[Start of Attachment]

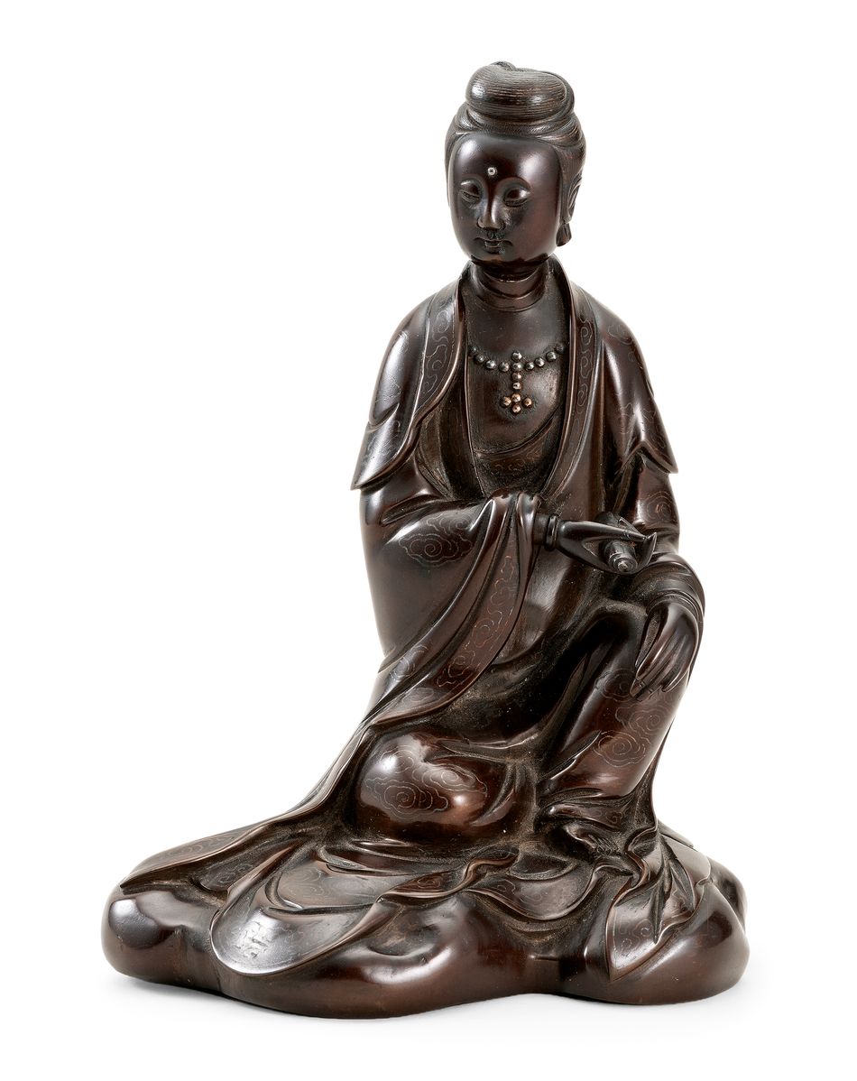 A Silver-inlaid Bronze Seated Figure of Guanyin, Shisou Mark
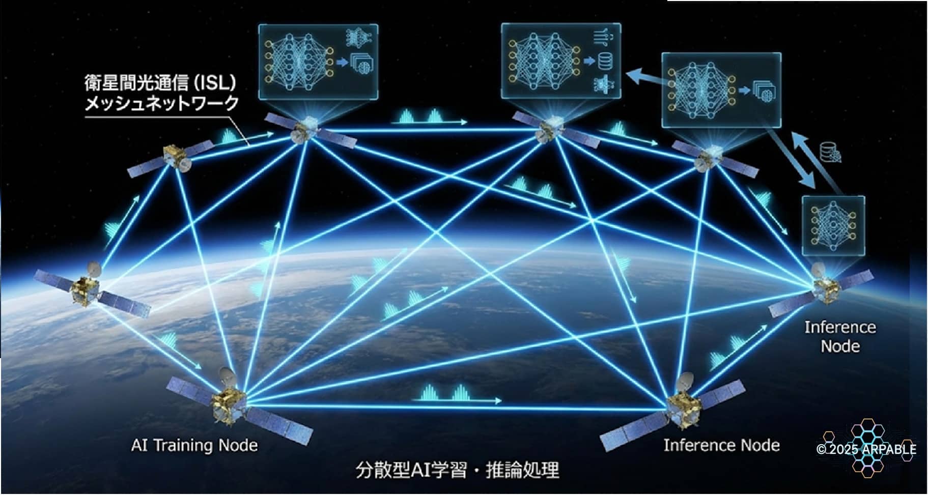 ・宇宙空間では、複数の衛星が「衛星間光通信(ISL)」でメッシュネットワークを形成し、連携して学習・推論処理を行います。
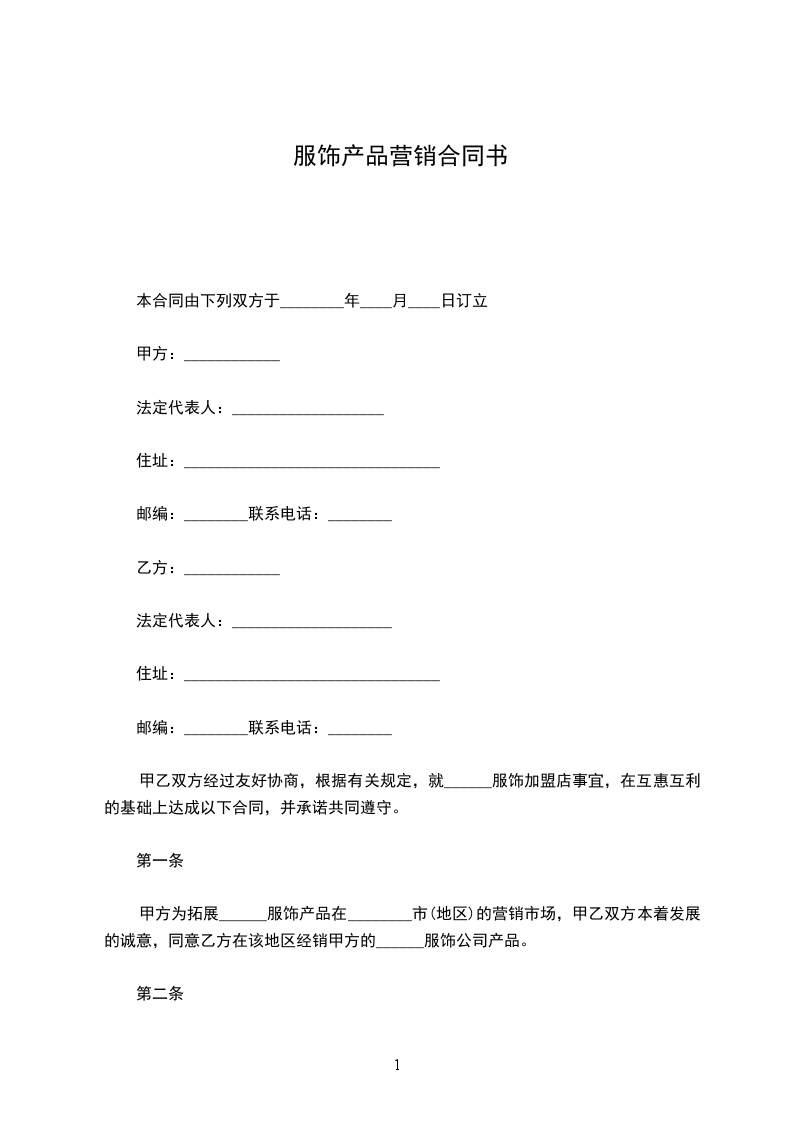 甲方为拓展______服饰产品在________市(地区)的营销市场,甲乙双方本着发展的诚意,同意乙方在该地区经销甲方的______服饰公司产品。
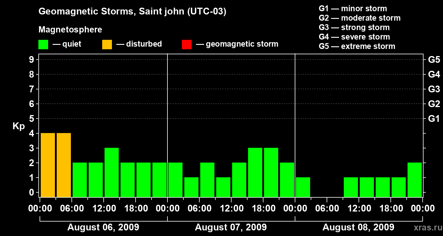 Geomagnetic storms in Saint john — Aug 08, 2009
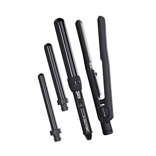 - Three interchangeable, tourmaline infused ceramic wands (19mm, 25mm, 32mm)
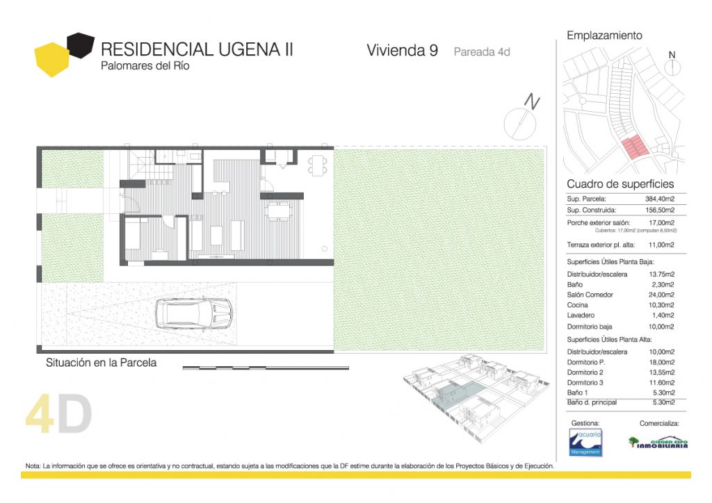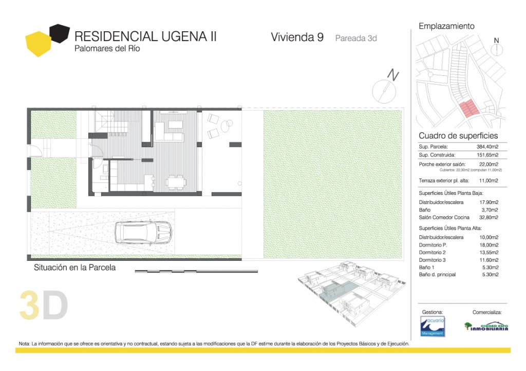 Residencial Ugena II se encuentra en Palomares del Río, Sevilla, en una zona privilegiada. Un enclave único dentro de la corona urbana de Palomares del Río. Disfrutarás de vivir en un entorno residencial con la proximidad de Sevilla, ya que solo se encuentra a tan solo 15 minutos del centro de la capital. Entorno más próximo: colegios, supermercados, centro médico, zonas comerciales y restaurantes, además de buenas salidas al tráfico rodado del municipio tanto a Sevilla como a las principales vías de acceso a la SE-40.

[End of Attachment]

## [PROBLEM DESCRIPTION]
Produce the data again character for character, with the images left out.

## [THE ANSWER]
 A Silver-inlaid Bronze Seated Figure of Guanyin, Shisou Mark
 ・宇宙空間では、複数の衛星が「衛星間光通信(ISL)」でメッシュネットワークを形成し、連携して学習・推論処理を行います。
 甲方为拓展______服饰产品在________市(地区)的营销市场,甲乙双方本着发展的诚意,同意乙方在该地区经销甲方的______服饰公司产品。
 Geomagnetic storms in Saint john — Aug 08, 2009
 - Three interchangeable, tourmaline infused ceramic wands (19mm, 25mm, 32mm)
 Residencial Ugena II se encuentra en Palomares del Río, Sevilla, en una zona privilegiada. Un enclave único dentro de la corona urbana de Palomares del Río. Disfrutarás de vivir en un entorno residencial con la proximidad de Sevilla, ya que solo se encuentra a tan solo 15 minutos del centro de la capital. Entorno más próximo: colegios, supermercados, centro médico, zonas comerciales y restaurantes, además de buenas salidas al tráfico rodado del municipio tanto a Sevilla como a las principales vías de acceso a la SE-40.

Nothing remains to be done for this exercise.